#### [EXERCISE]
Reproduce the listing below from the line with "Der Eingang zum" to the line with "Inparkeren? Met de", both lines included, character for character, minus any pictures.

#### [DATA SEGMENT]
****************************************

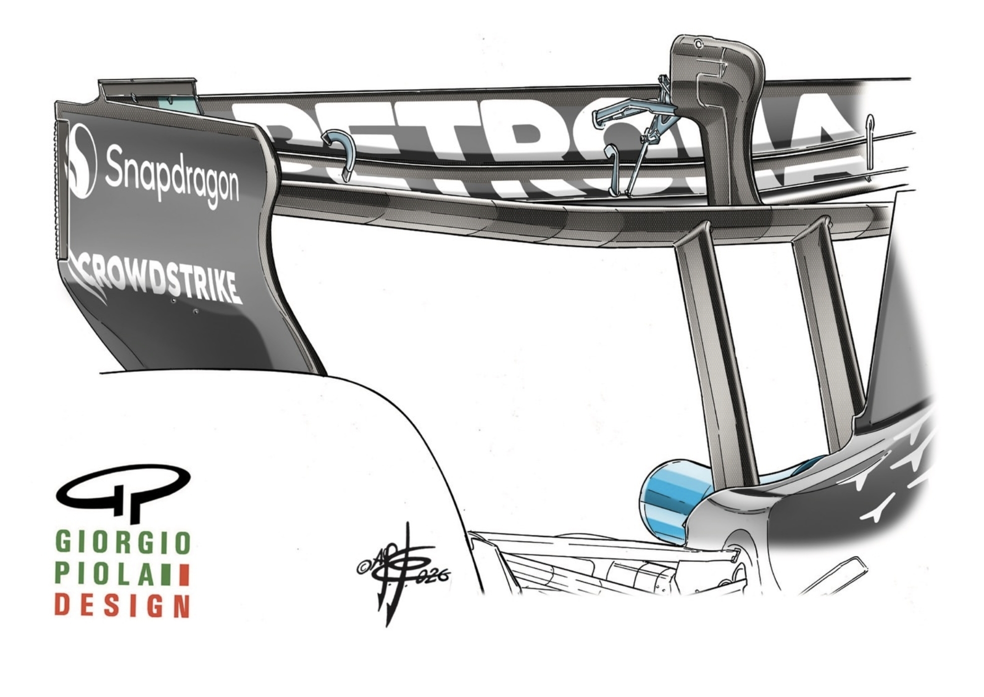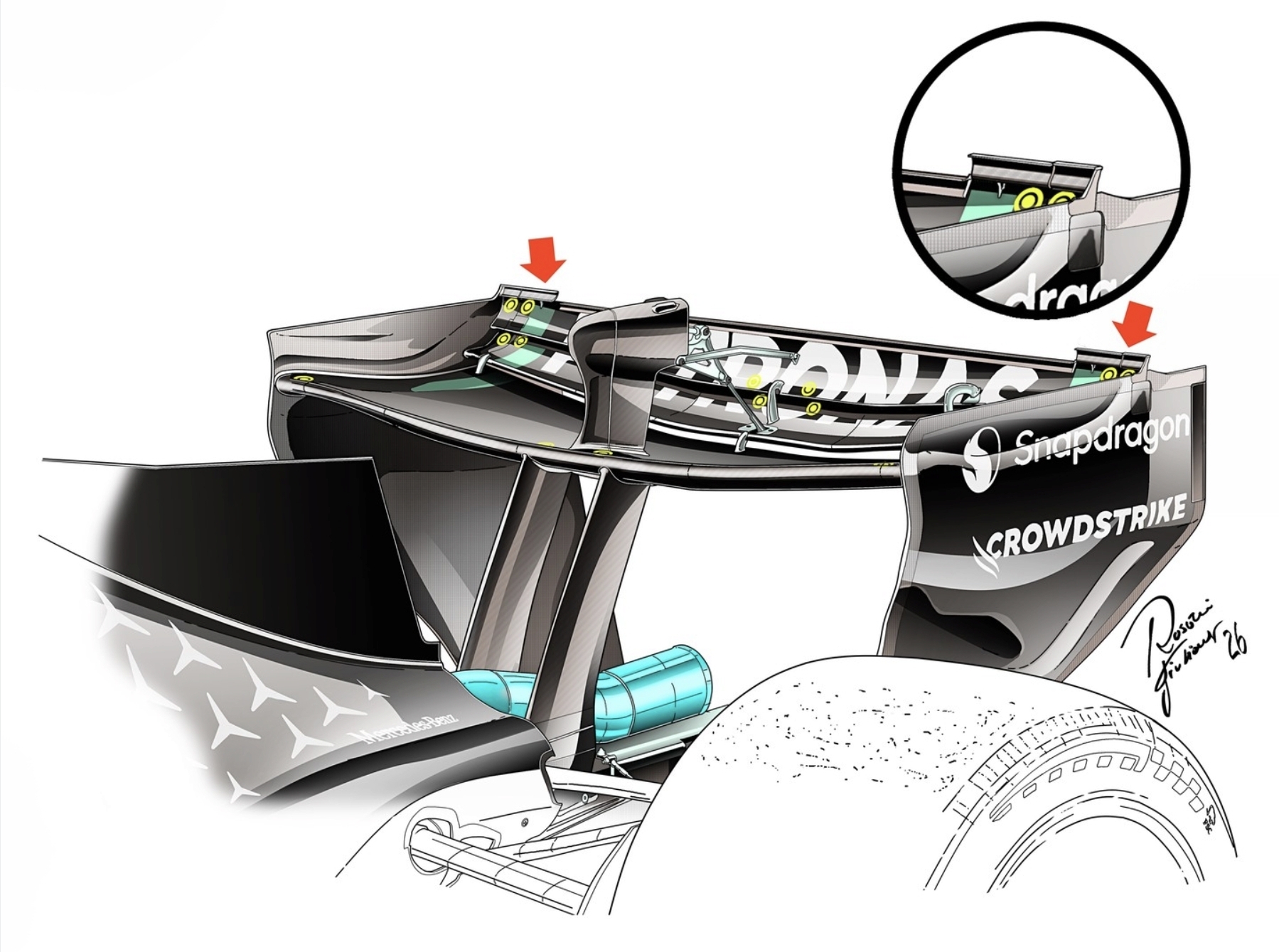 Mercedes dominated the opening race of the 2026 season. The W17’s engine, aerodynamics, and chassis make it strong, despite ongoing talks about the rules and the Mercedes power unit. Mercedes engineers have developed a truly fascinating rear wing, carefully interpreting the limits allowed by the technical regulations: the extensions on the sides of the final flap increase local downforce.
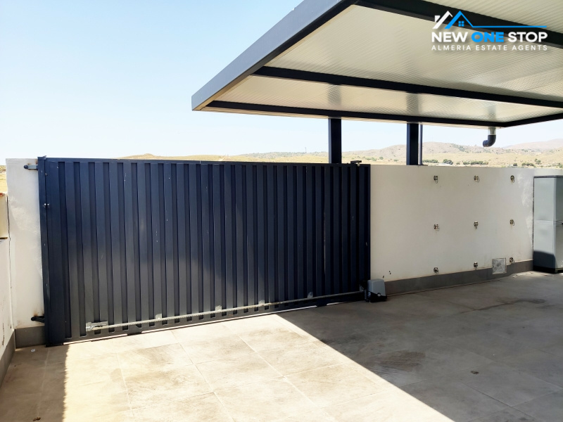 Der Eingang zum Grundstück hat 2 Tore, ein Fußgängertor und ein Schiebetor für Fahrzeuge, das zu einem großen, überdachten Parkplatz für 2 Autos führt, der beide vor der heißen Sommersonne geschützt ist.
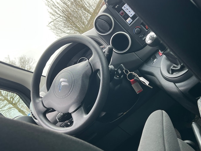 Inparkeren? Met de achteruitrijcamera heeft u er geen omkijken meer naar! In deze Berlingo vindt u schakelaars op het stuur om het navigatiesysteem te bedienen en het audiosysteem met DAB-ontvangst. Dankzij automatische airconditioning is het interieur behaaglijk warm of verfrissend koel. Natuurlijk is een complete auto als deze ook voorzien van sensoren die de omgeving in de gaten houden. Deze Citroen heeft niet alleen een automatisch inschakelbare verlichting aan boord, maar ook een regensensor. Zuinig en zeker zoeven? Dan is de cruise control ideaal! Natuurlijk behoren centrale deurvergrendeling met afstandsbediening, boordcomputer en verstelbaar stuur ook tot de uitrusting van deze complete auto.
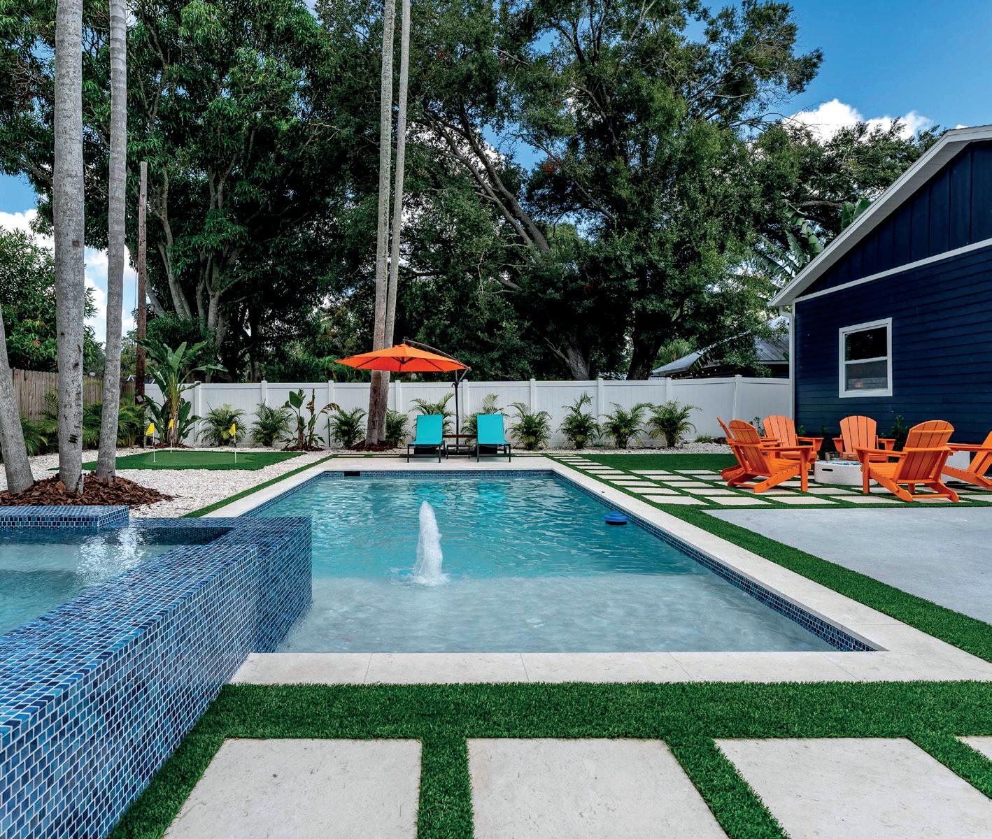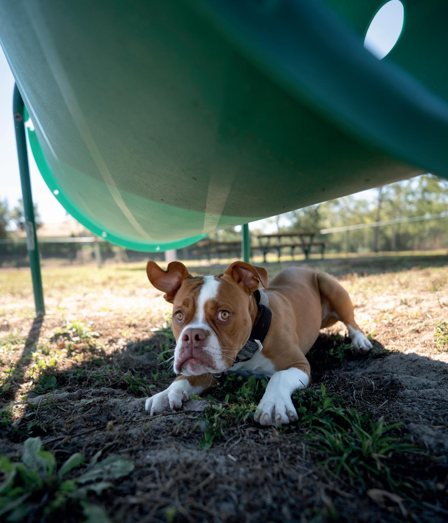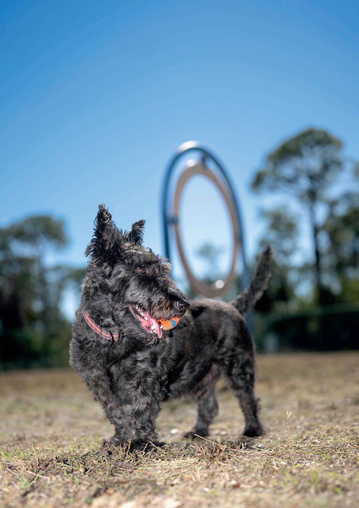 park’s standout features is its dedicated dog area, a place for pets to run, play and socialize. Set within a spacious, fenced-in section of the park, the Greenbrook Adventure Dog Park is thoughtfully designed with separate areas for large and small dogs, allowing pets to burn energy safely. Water stations and shaded seating make it comfortable for both dogs and their owners, while agility equipment adds an extra element of play and challenge. The atmosphere of the park is just as much about community for owners as it is for dogs—meeting other regulars while dogs enjoy time playing provides the opportunity for social gatherings. Whether it’s a spirited round of fetch or a laid-back chat on a bench, the dog park provides a vibrant destination for local visitors. Beyond its fencedin dog park, the adventure park’s trails and open green spaces invited leashed dogs and humans to explore together. Greenbrook Adventure Park, 13010 Adventure PI, Lakewood Ranch

****************************************

#### [TASK RESPONSE]
 Der Eingang zum Grundstück hat 2 Tore, ein Fußgängertor und ein Schiebetor für Fahrzeuge, das zu einem großen, überdachten Parkplatz für 2 Autos führt, der beide vor der heißen Sommersonne geschützt ist.
 Inparkeren? Met de achteruitrijcamera heeft u er geen omkijken meer naar! In deze Berlingo vindt u schakelaars op het stuur om het navigatiesysteem te bedienen en het audiosysteem met DAB-ontvangst. Dankzij automatische airconditioning is het interieur behaaglijk warm of verfrissend koel. Natuurlijk is een complete auto als deze ook voorzien van sensoren die de omgeving in de gaten houden. Deze Citroen heeft niet alleen een automatisch inschakelbare verlichting aan boord, maar ook een regensensor. Zuinig en zeker zoeven? Dan is de cruise control ideaal! Natuurlijk behoren centrale deurvergrendeling met afstandsbediening, boordcomputer en verstelbaar stuur ook tot de uitrusting van deze complete auto.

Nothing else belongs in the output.